INPUT DATA ->
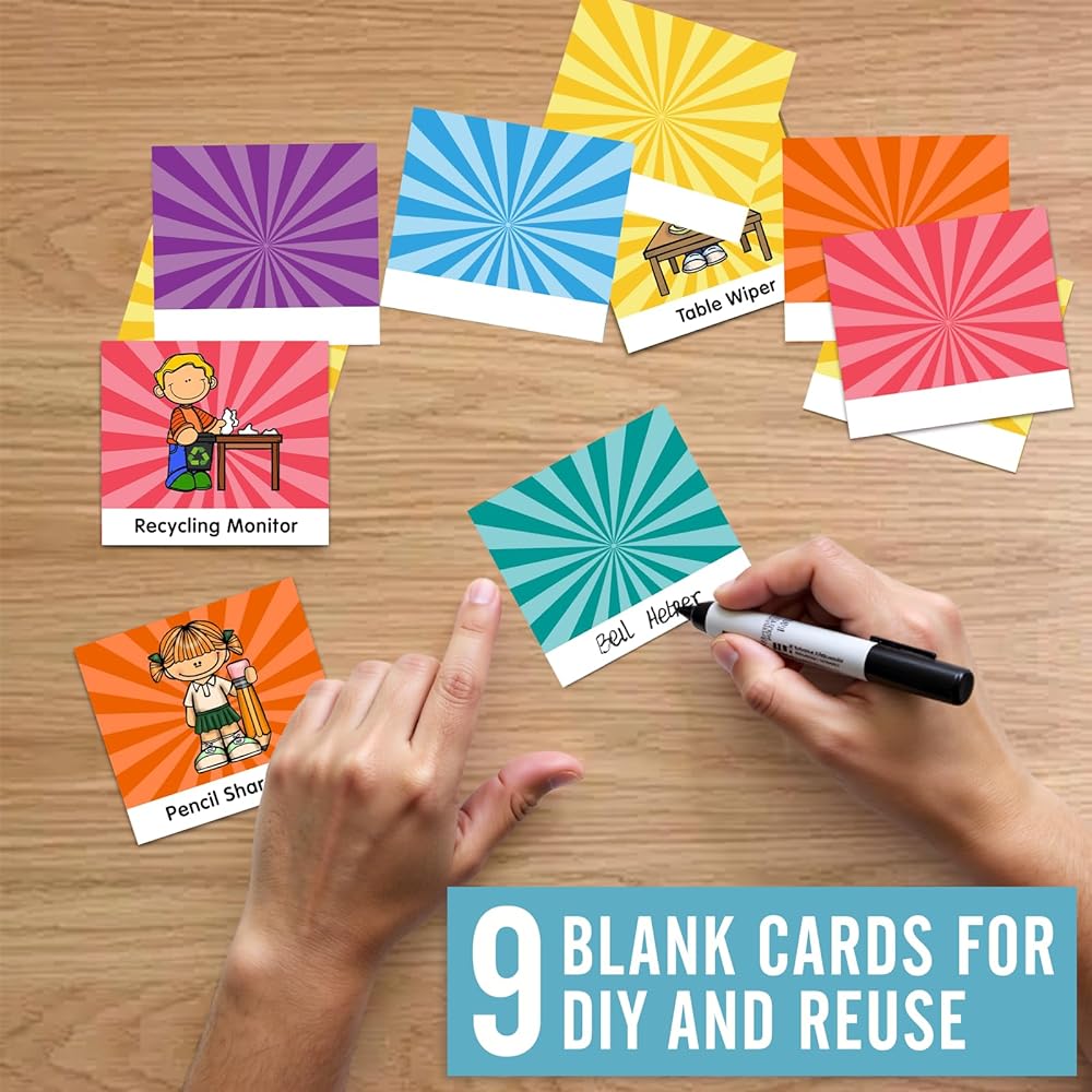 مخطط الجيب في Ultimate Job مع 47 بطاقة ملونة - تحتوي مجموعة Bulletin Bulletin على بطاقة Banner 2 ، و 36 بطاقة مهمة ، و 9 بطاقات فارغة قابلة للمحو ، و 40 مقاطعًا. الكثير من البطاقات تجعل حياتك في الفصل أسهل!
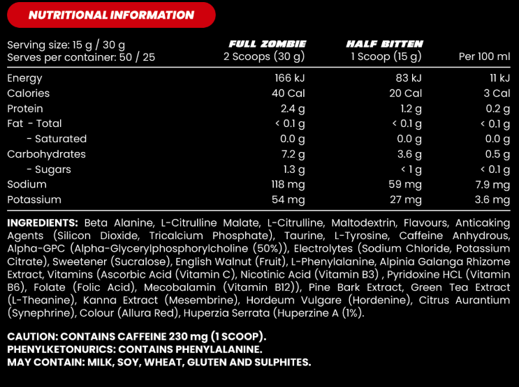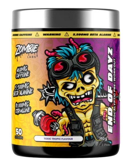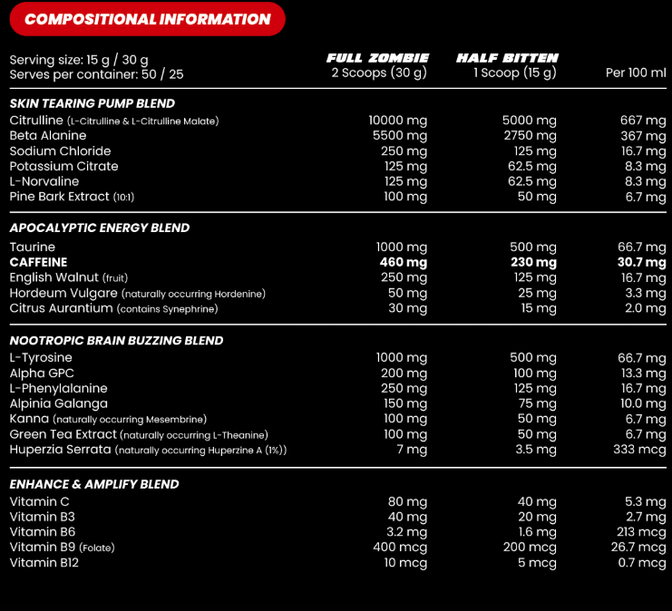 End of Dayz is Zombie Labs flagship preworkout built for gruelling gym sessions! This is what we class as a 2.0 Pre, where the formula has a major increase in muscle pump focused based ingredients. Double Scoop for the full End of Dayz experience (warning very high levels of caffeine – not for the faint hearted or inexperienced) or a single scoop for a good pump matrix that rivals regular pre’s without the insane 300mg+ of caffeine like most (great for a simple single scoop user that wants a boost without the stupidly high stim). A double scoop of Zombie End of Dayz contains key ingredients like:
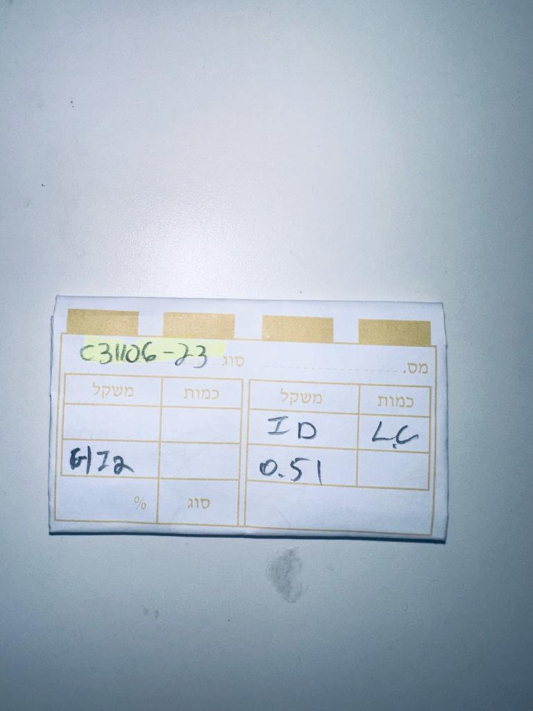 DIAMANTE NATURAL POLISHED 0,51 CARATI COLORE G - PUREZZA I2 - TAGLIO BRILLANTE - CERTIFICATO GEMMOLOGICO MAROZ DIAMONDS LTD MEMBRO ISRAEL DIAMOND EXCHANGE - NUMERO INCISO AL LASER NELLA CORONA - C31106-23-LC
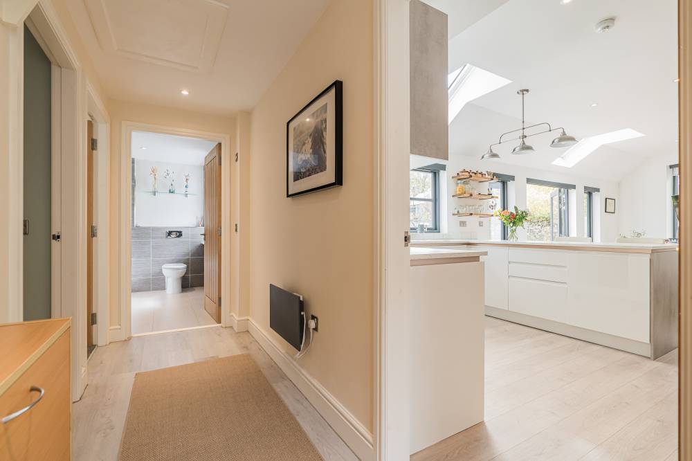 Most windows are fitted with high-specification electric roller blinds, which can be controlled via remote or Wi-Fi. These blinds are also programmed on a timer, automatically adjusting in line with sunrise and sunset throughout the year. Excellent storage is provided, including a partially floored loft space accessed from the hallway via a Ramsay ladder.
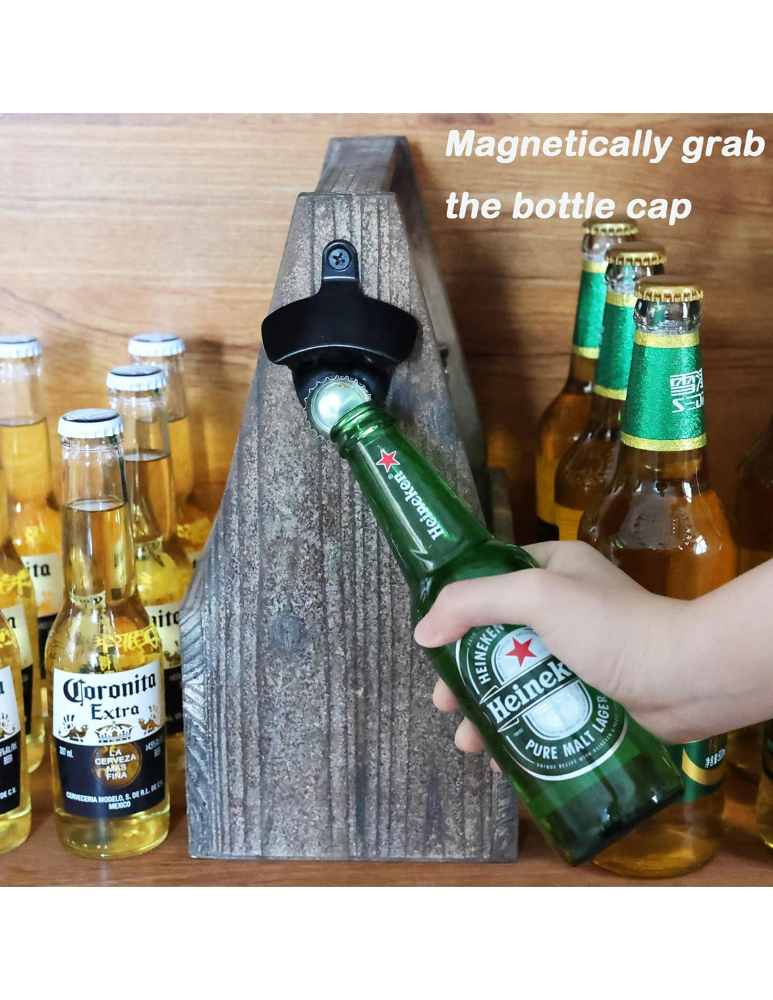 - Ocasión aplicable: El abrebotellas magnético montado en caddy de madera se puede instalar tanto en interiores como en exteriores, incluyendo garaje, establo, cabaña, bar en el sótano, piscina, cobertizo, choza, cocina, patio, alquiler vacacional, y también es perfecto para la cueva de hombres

AIM OF THE TASK ->
Only the pictures are to be dropped; all other material above must be repeated exactly.

OUTPUT ->
 مخطط الجيب في Ultimate Job مع 47 بطاقة ملونة - تحتوي مجموعة Bulletin Bulletin على بطاقة Banner 2 ، و 36 بطاقة مهمة ، و 9 بطاقات فارغة قابلة للمحو ، و 40 مقاطعًا. الكثير من البطاقات تجعل حياتك في الفصل أسهل!
 End of Dayz is Zombie Labs flagship preworkout built for gruelling gym sessions! This is what we class as a 2.0 Pre, where the formula has a major increase in muscle pump focused based ingredients. Double Scoop for the full End of Dayz experience (warning very high levels of caffeine – not for the faint hearted or inexperienced) or a single scoop for a good pump matrix that rivals regular pre’s without the insane 300mg+ of caffeine like most (great for a simple single scoop user that wants a boost without the stupidly high stim). A double scoop of Zombie End of Dayz contains key ingredients like:
 DIAMANTE NATURAL POLISHED 0,51 CARATI COLORE G - PUREZZA I2 - TAGLIO BRILLANTE - CERTIFICATO GEMMOLOGICO MAROZ DIAMONDS LTD MEMBRO ISRAEL DIAMOND EXCHANGE - NUMERO INCISO AL LASER NELLA CORONA - C31106-23-LC
 Most windows are fitted with high-specification electric roller blinds, which can be controlled via remote or Wi-Fi. These blinds are also programmed on a timer, automatically adjusting in line with sunrise and sunset throughout the year. Excellent storage is provided, including a partially floored loft space accessed from the hallway via a Ramsay ladder.
 - Ocasión aplicable: El abrebotellas magnético montado en caddy de madera se puede instalar tanto en interiores como en exteriores, incluyendo garaje, establo, cabaña, bar en el sótano, piscina, cobertizo, choza, cocina, patio, alquiler vacacional, y también es perfecto para la cueva de hombres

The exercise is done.